We also spent much of September organizing a 269 Life action, a branding or una marcación. The action, held in a public space in the botanical gardens, was much more confrontational then the Cubes, and was meant to challenge the way people think about our relationship with and (ab)use of non-human animals. In the action i was one of two people branded with a hot steel iron, receiving the mark of property, marked as an “it” rather than a “he.” The same afternoon, 22 other activists around Colombia received the same brand, alongside hundreds of others from around the world. If you are interested, you can watch the video here: 269 Life Medellín 2018; despite being in Spanish, i feel like many of the images speak for themselves. And if you take the time to watch my branding, take a moment to note the feelings that come up. Are they different than the thoughts/feelings you would have watching a cow, a horse, any non-human animal be branded? Why? Some i have spoken with though it extreme, to voluntarily brand oneself in solidarity with non-human animals (ab)used by humans. However, to me it feels moderate. In reality my branding is hardly comparable to the branding received by non-human animals; i volunteered to receive the brand, understood what was happening as it happened, and after returned to sit comfortably in my room comforted with some ointment.
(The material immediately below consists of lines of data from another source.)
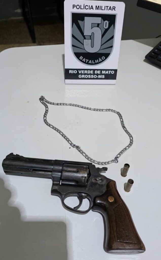 No local, a equipe constatou a veracidade da informação e encontrou um revólver calibre 38 marca ROSSI, contendo dois estojos deflagrados, o que indica possível uso recente. Próximo ao armamento, também foi localizada uma corrente masculina.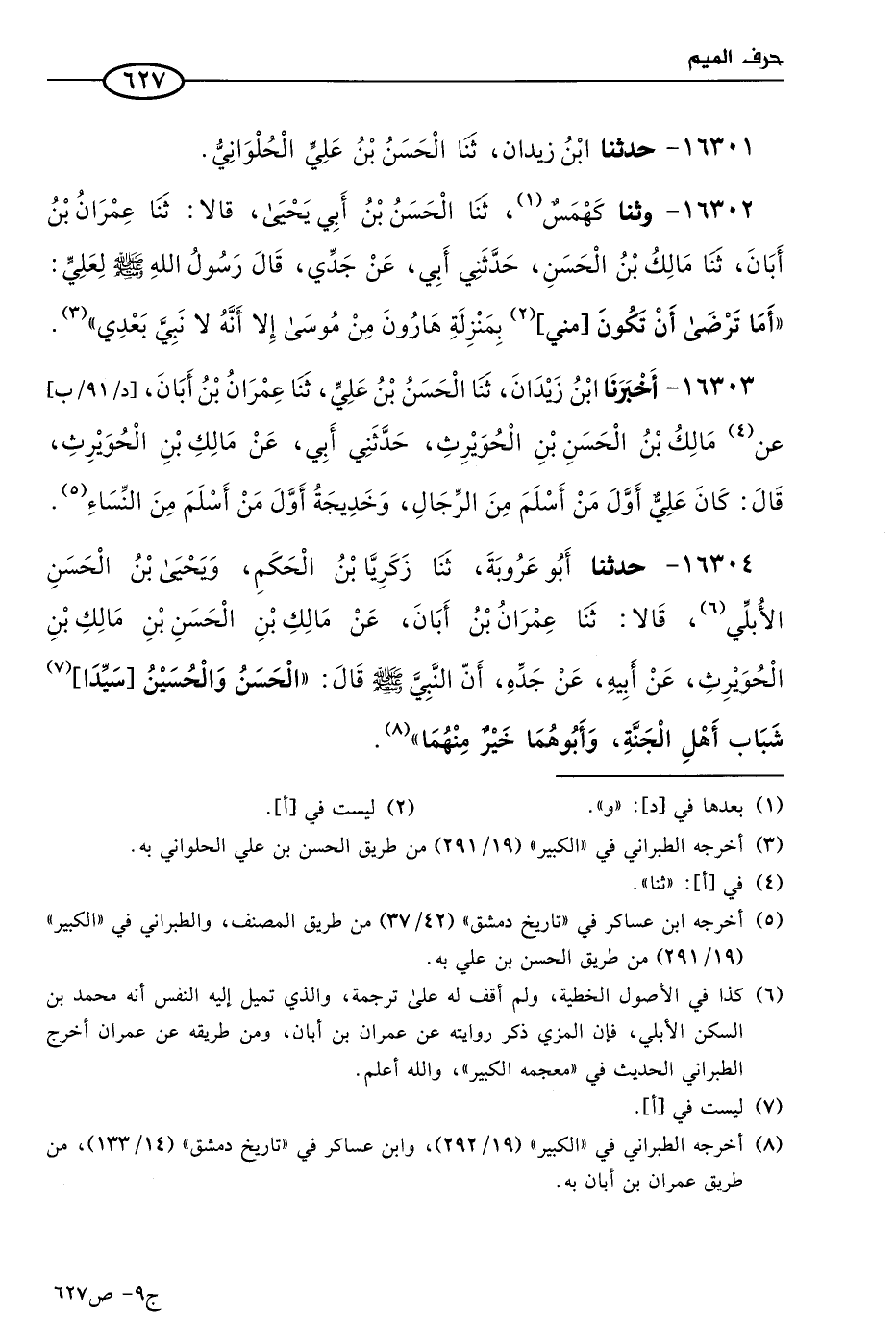 16304 - حَدثنا أَبو عَرُوبة، حَدثنا زكريا بن الحكم، ويحيى بن الحسن الأبلي، قالا: حَدثنا عمران بن أَبَان، عن مالك بن الحسن بن مالك بن الحويرث، عن أبيه، عن جَدِّهِ، أن النبي صَلى الله عَليه وسَلم قال: الحسن، والحُسَين سيدا شباب أهل الجنة، وأبوهما خير منهما.
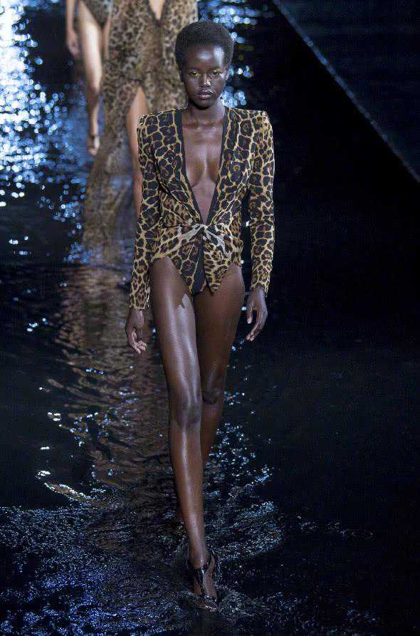 SaintLaurent此次的衣服看上去像内衣的感受,还超等性感呢,的确即是秒杀维密的节拍啊,并且这些模特都把衣服的滋味展示出来了,这位模特身上穿戴的也是豹纹,和黑皮肤造成比拟,加倍性感了!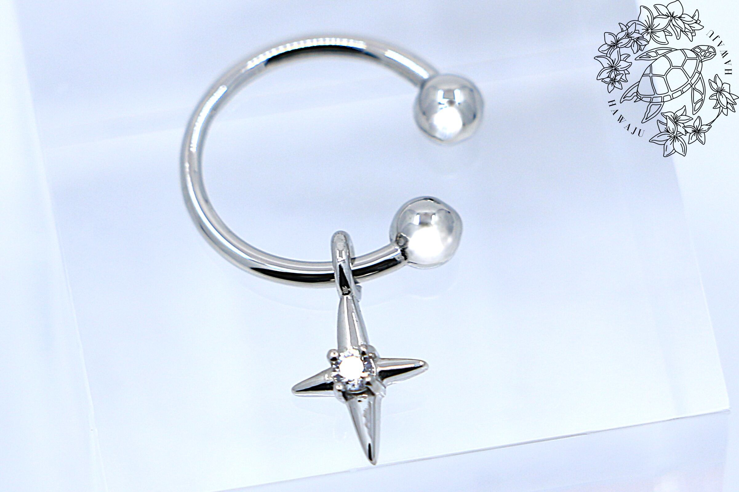 シルバーの輝きをまとった本体に、クロスのチャームと繊細なハワイアン模様をあしらい、南国の風を感じるデザインに仕上がってます。クロスにはキュービックジルコニアを使用し、耳元にさりげない個性と華やかさをプラスします。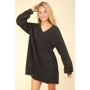The Mineral Washed Oversized A-Line Mini Dress offers a relaxed, stylish look with its v-neck and drop shoulder design. The raglan long sleeves enhance its laid-back vibe, while the raw edge detail adds a touch of casual chic. The mineral-washed fabric gives the dress a vintage, lived-in feel, making it perfect for a comfortable yet fashionable outfit.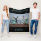 Black gymnastics fleece blanket with gymnast and personalized name.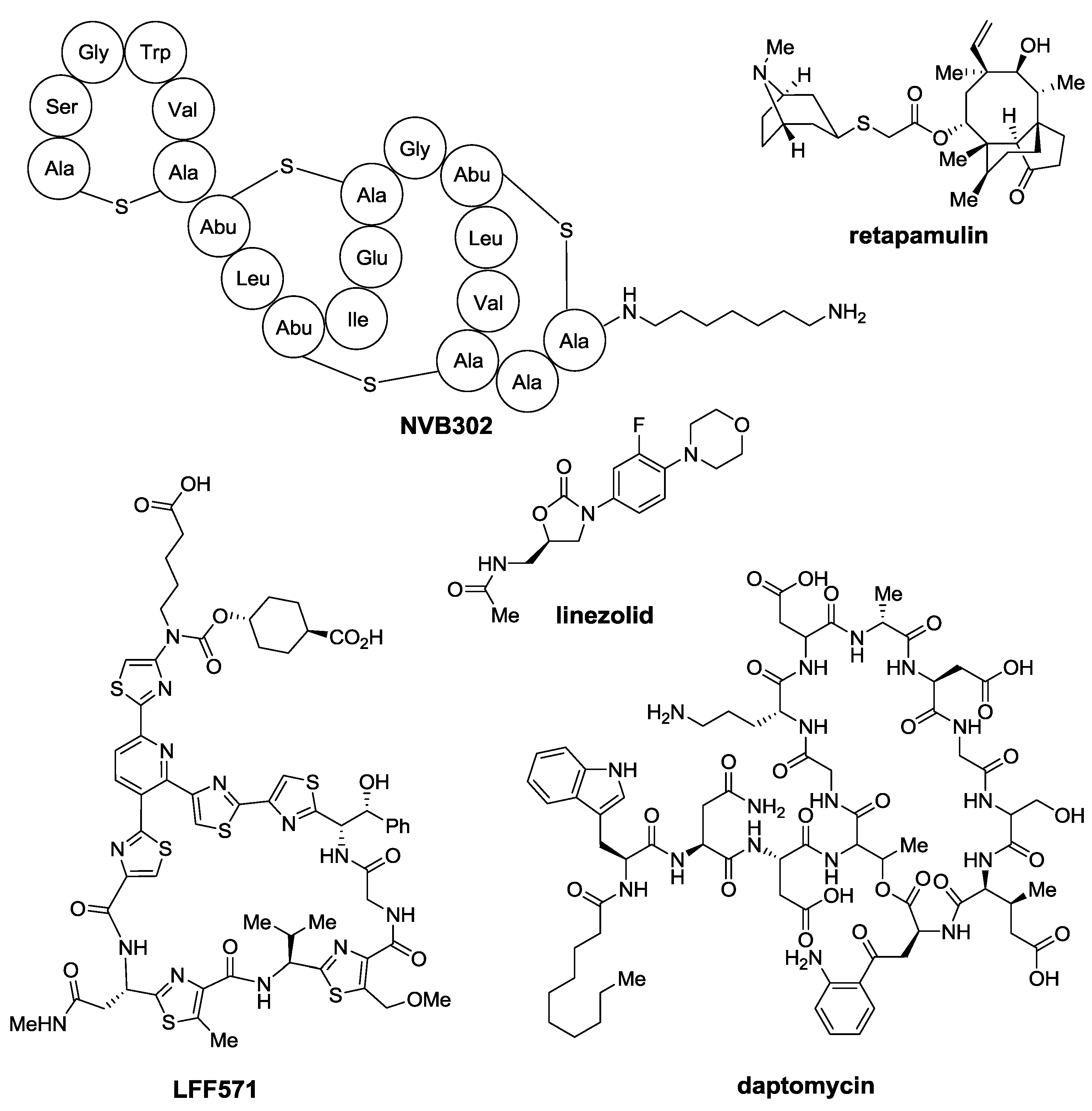 Most of the antibacterial scaffolds known to date were discovered from late 1930s to early 1960s. After that period, almost forty years followed without new bactericide architectures appearing in the market. During those years, semi-synthetic modifications of the already known compounds were used to fight antibacterial resistance. However, with the new century, a batch of new antibiotic scaffolds got closer to the clinic (Figure 1). These include oxazolidinones (linezolid, 2000), lipopeptides (daptomycin, 2003) and mutilins (retapamulin, 2007). In parallel, other types of antibiotics, such as lantibiotics [3] (NVB302) and thiopeptides [4] (LFF571) [5], are under study and some members of these groups are already in clinical trials for the treatment of human infections.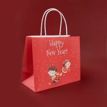 ספק סיני מכירה לוהטת ידית Takeout קייטרינג חג שקיות מתנת סוכריות למחזור נייר שקיות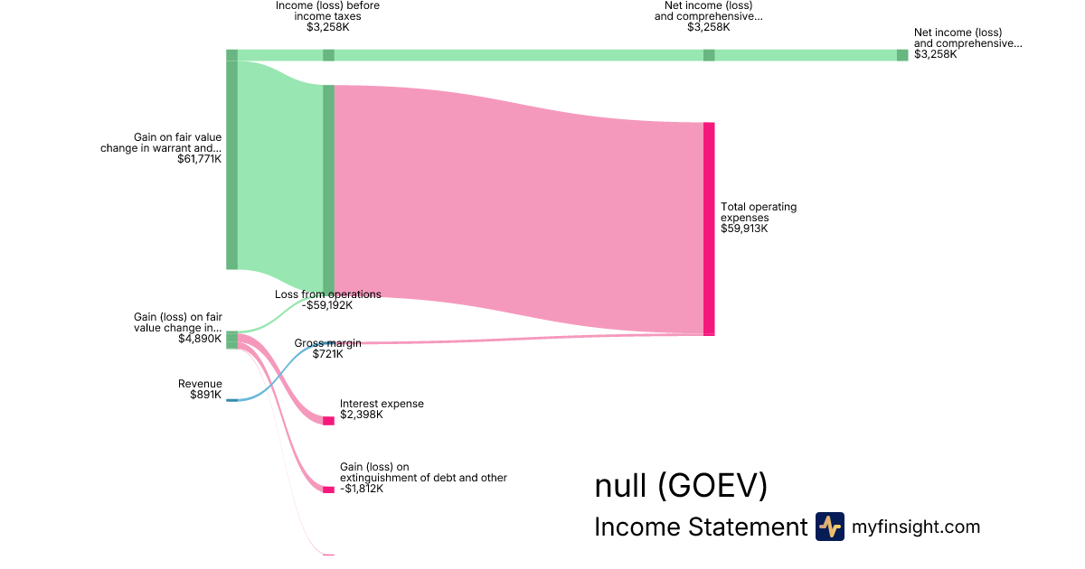 For the quarter ending 2024-09-30, GOEV made $891K in revenue. $3,258K in net income. Net profit margin of 365.66%.

Under no circumstances do humans have the right to (ab)use non-human animals – period. I am more than the number 269; every sentient being is more than a number – they are someone, not something.


As i close every update, i really do appreciate and cherish receiving updates from your end; i write these updates with the purpose of staying in touch with loved ones, you, but it takes two to tango 😘. If you made it this far, i’d love to hear from you, even if it is just a sentence or two.